The next figure shows a scatter plot of a pair of pseudo data with a nearly parabolic dependency in the lower left corner and the same pair of values next to it, but with random redistribution of the pairing. In both cases, the correlation coefficients are very close to zero. So when we look at these two pairs of related distributions, we see no difference only through the lens of the correlation coefficients and distributions of the single risks. Nevertheless, the aggregation leads to very different distributions, as shown in the upper part of the figure. This results into large differences in the VaRs.
Real Life Examples of U-Shaped Dependencies
Frequently correlation coefficients are understood as measures of information one variable inherits regarding another one. While there is truth in this, this can also be very misleading, as just explained there are examples showing exceptionally low or even zero correlation but high level of inter risk information.
Moreover, in certain examples we see high or even full information in one direction, but lower information in the other direction. Such an asymmetry does not proof a causal link but can be understood as an indication of such a relation.
It is intuitively clear that examples similar to our parabola case contain more information in one variable (in the example the variable of the x axis) than in the reverse risk. Thus (in the exact case) a value on the y-axis is assigned two different values on the x-axis that are far apart from each other, while conversely there is a clear assignment.
Such a dependency between variables can be observed in practice, for example when it comes to the reliability of complex technical structures such as power plants depending on their age. It is known that the number of failures is relatively high shortly after commissioning, only to fall again once the initial weak points have been eliminated. As the power plant gets older, the number of failures increases again, for example due to material fatigue.

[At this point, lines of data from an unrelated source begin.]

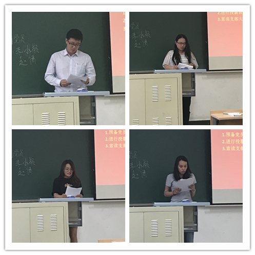 会议主要围绕两大内容开展,第一项内容是接受邹碧莹、董建振、陆园园、王利娟、李帅五位同学为预备党员的讨论,5名发展对象先后上台宣读入党志愿书,培养人对发展对象情况进行介绍发言,并由党支部委员宣读考察报告。由全体党员对发展对象进行投票表决,最终表决全票通过,邹碧莹等5名同学成为中共预备党员,面向党旗庄严宣誓,并表示将以实际行动履行自己的誓言,为共产主义奋斗终身,全体正式党员对以上同志致以热烈的掌声。
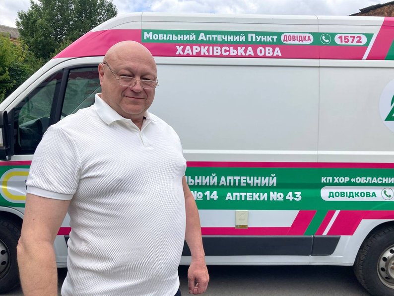 Сергій Келчевський біля мобільного аптечного пункту. Суспільне Харків/Роман Кривко
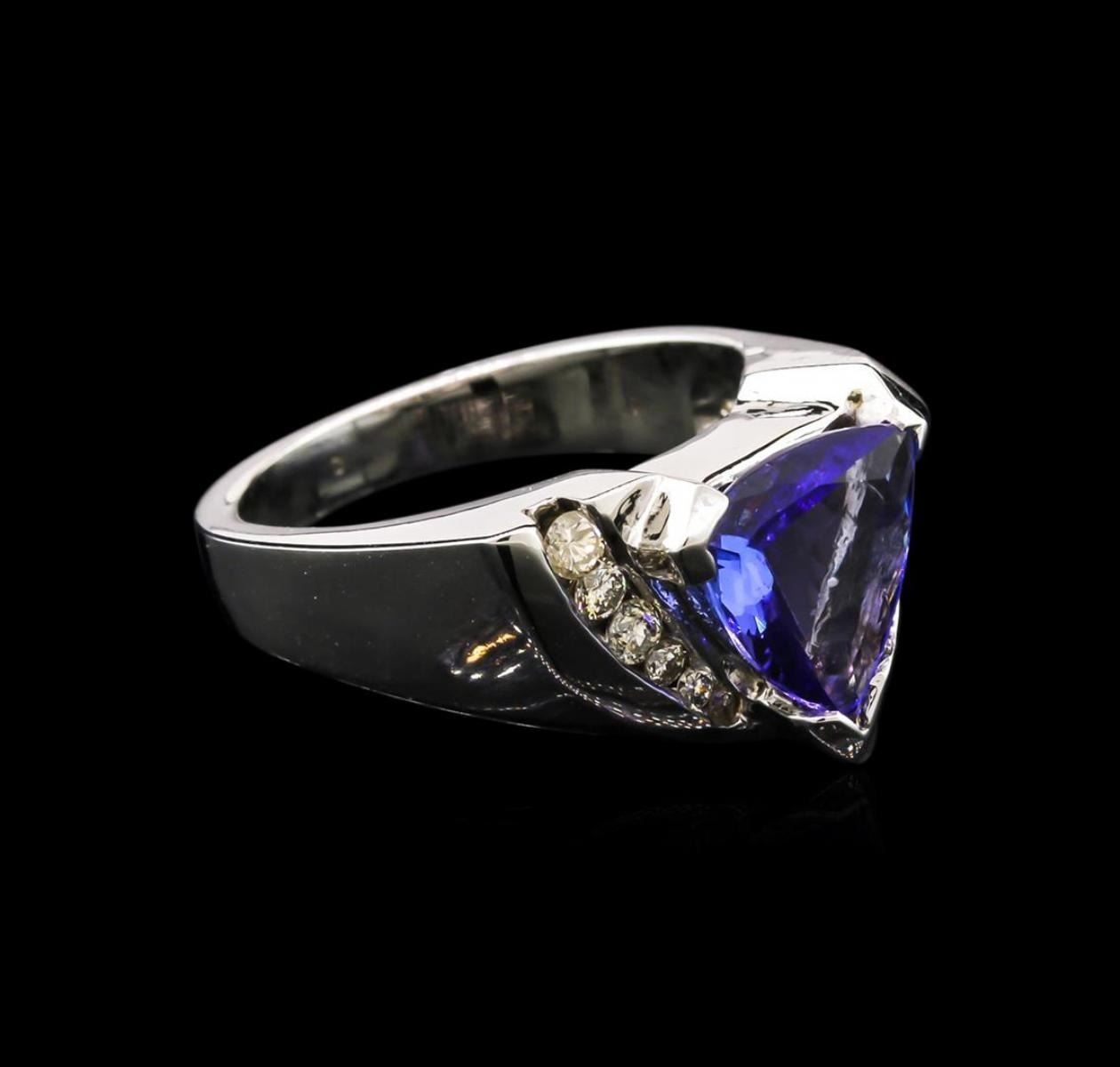 One electronically tested 14KT white gold lady's cast fashion ring with a tapered shank with a bright polish finish. The featured lady's ring has a shank measuring 3.23 millimeters wide. Identified with markings of "14K". Condition is new, good workmanship. Containing: One prong set triangle modified brilliant cut natural tanzanite, measuring 9.55 x 9.05 x 4.25mm, approximate weight of 2.20 ct., clarity is eye clean, type I, medium, very slightly grayish, bluish violet color, (GIA bV 5/3), cut is good. Transmitting light with no distortion, transparent. Colored gemstones are presumed to have been subjected to commonly used enhancement processes. Graded in the setting. Three channel set round brilliant cut diamonds, measuring 2.10 - 2.05 x 1.35mm (depth est.) approximate total weight of 3 Stones = 0.11ct. Graded in the setting. Clarity: SI-2 to I-1. Color: H - I. Cut Good Three channel set round brilliant cut diamonds, measuring 1.55 - 1.50 x 0.99mm (depth est.) approximate total weight of 3 Stones = 0.04ct. Graded in the setting. Clarity: SI-2 to I-1. Color: H - I. Cut Good. Total Weight of Colored Stones 2.20 ct. Total Weight of Diamonds 0.15ct. Total Weight of Ring 7.90gm. GAS Appraised.

In motor insurance we see U-shapes in age related accident frequencies.
The degree of utilization of some machines often has a U-shaped dependency on the susceptibility to faults. The same can be observed in many areas with regard to the workload of employees and the quality of work.
We see very similar dependency structures in many areas. A completely different example would be the error rate and processing speed of routine tasks depending on the intensity of supervision by superiors. If there is no or very little supervision, this can lead to poorer performance. If, on the other hand, too much supervision is exercised, the associated frustration of employees can also lead to a deterioration.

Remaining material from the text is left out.